------ DATA ------
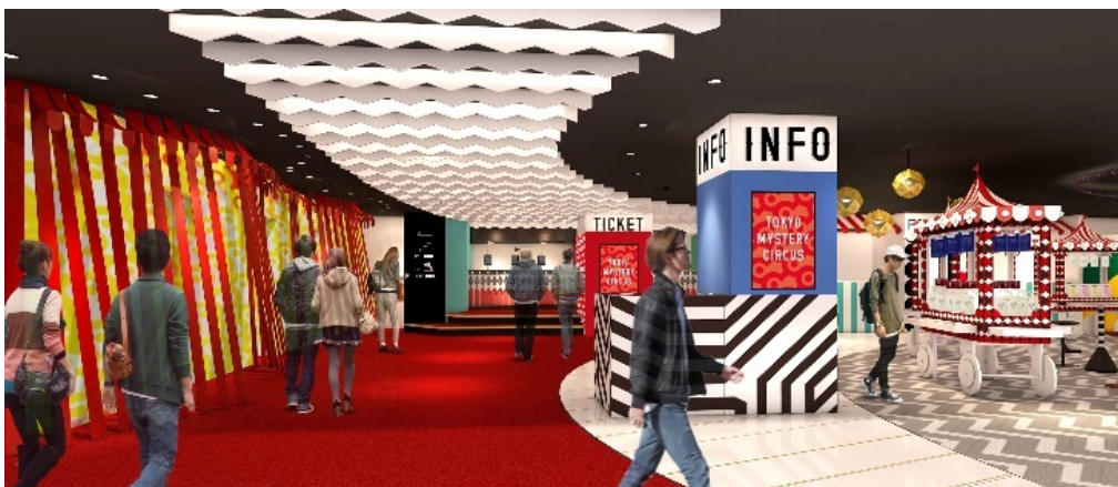
※『東京ミステリーサーカス』1階内観イメージ

リアル脱出ゲームを展開する株式会社 SCRAP（所在地：東京都渋谷区、代表者：加藤隆生、以下：SCRAP）、株式会社イープラス（所在地：東京都渋谷区、代表者：倉見尚也）および、株式会社ニッポン放送（所在地：東京都千代田区、代表者：岩崎正幸）は、3社合同で、2017年12月19日（火）に新宿・歌舞伎町にオープンいたします世界初・国内最大となる“謎”をテーマとしたテーマパーク『TOKYO MYSTERY CIRCUS（以下、東京ミステリーサーカス / 略称 TMC）』の運営会社「合同会社 TOKYO MYSTERY CIRCUS」（所在地：東京都新宿区、代表社員：加藤隆生）を2017年11月に設立いたします。
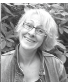
Nathalie Lelièvre Cantine - Garderie Étude
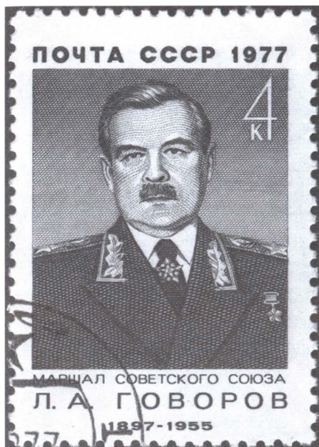
Советская почтовая марка, выпущенная в честь маршала Советского Союза Л.А. Говорова. 1977 г.
------
■ EXERCISE GOAL:
Copy out each line of the material that holds the word "東京ミステリーサーカス".

■ EXERCISE ANSWER:
※『東京ミステリーサーカス』1階内観イメージ
リアル脱出ゲームを展開する株式会社 SCRAP（所在地：東京都渋谷区、代表者：加藤隆生、以下：SCRAP）、株式会社イープラス（所在地：東京都渋谷区、代表者：倉見尚也）および、株式会社ニッポン放送（所在地：東京都千代田区、代表者：岩崎正幸）は、3社合同で、2017年12月19日（火）に新宿・歌舞伎町にオープンいたします世界初・国内最大となる“謎”をテーマとしたテーマパーク『TOKYO MYSTERY CIRCUS（以下、東京ミステリーサーカス / 略称 TMC）』の運営会社「合同会社 TOKYO MYSTERY CIRCUS」（所在地：東京都新宿区、代表社員：加藤隆生）を2017年11月に設立いたします。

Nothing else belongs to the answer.